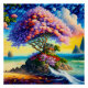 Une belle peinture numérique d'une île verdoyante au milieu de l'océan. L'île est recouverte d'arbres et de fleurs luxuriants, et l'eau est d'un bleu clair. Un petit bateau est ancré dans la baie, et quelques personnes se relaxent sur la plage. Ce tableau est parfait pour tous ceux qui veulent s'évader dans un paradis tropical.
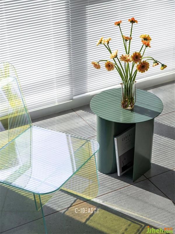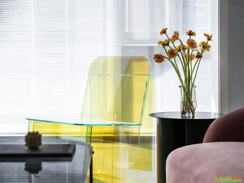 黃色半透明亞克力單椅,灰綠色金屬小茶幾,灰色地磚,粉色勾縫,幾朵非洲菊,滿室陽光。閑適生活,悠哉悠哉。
━━━━━━━━━━━━━━━━
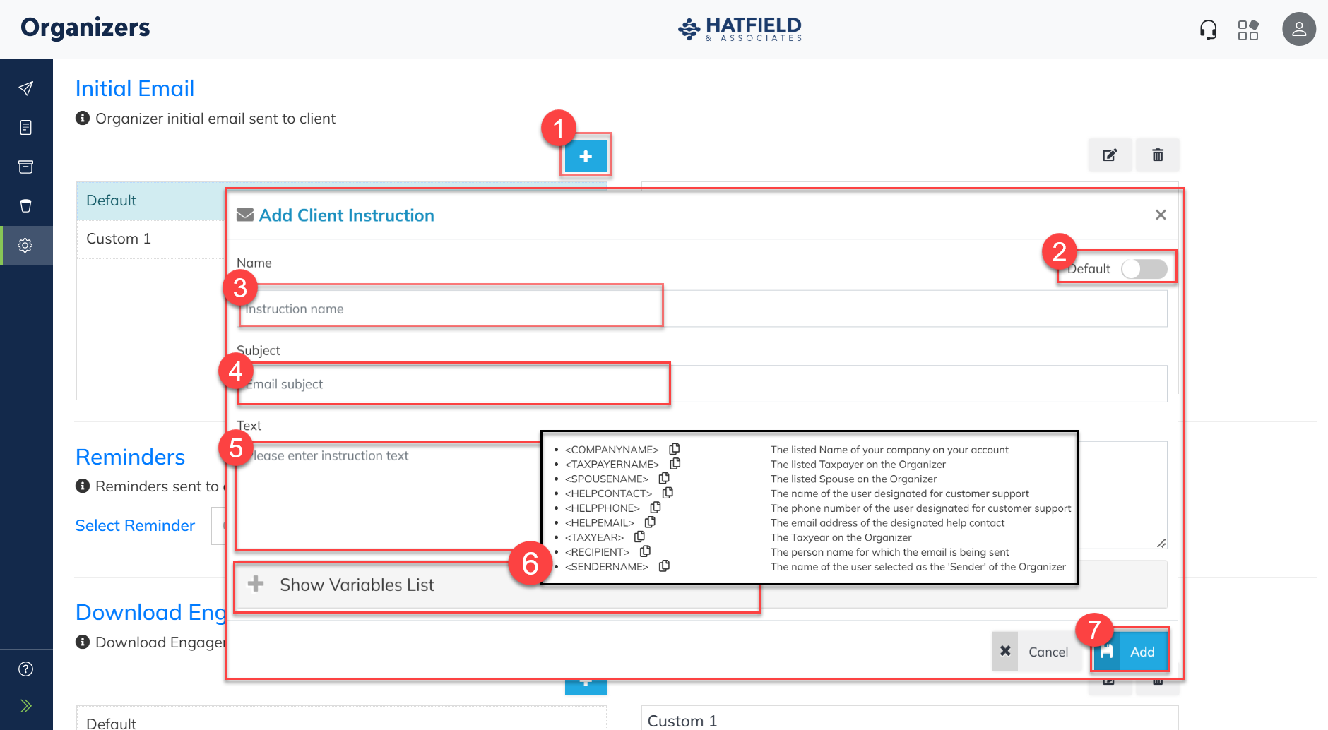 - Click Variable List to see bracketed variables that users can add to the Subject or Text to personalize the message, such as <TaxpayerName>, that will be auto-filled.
━━━━━━━━━━━━━━━━
Above are the records; restate exactly the lines from the one containing "Une belle peinture" through the one containing "黃色半透明亞克力單椅,灰綠色", keeping pictures out.

» **Answer section**
 Une belle peinture numérique d'une île verdoyante au milieu de l'océan. L'île est recouverte d'arbres et de fleurs luxuriants, et l'eau est d'un bleu clair. Un petit bateau est ancré dans la baie, et quelques personnes se relaxent sur la plage. Ce tableau est parfait pour tous ceux qui veulent s'évader dans un paradis tropical.
 黃色半透明亞克力單椅,灰綠色金屬小茶幾,灰色地磚,粉色勾縫,幾朵非洲菊,滿室陽光。閑適生活,悠哉悠哉。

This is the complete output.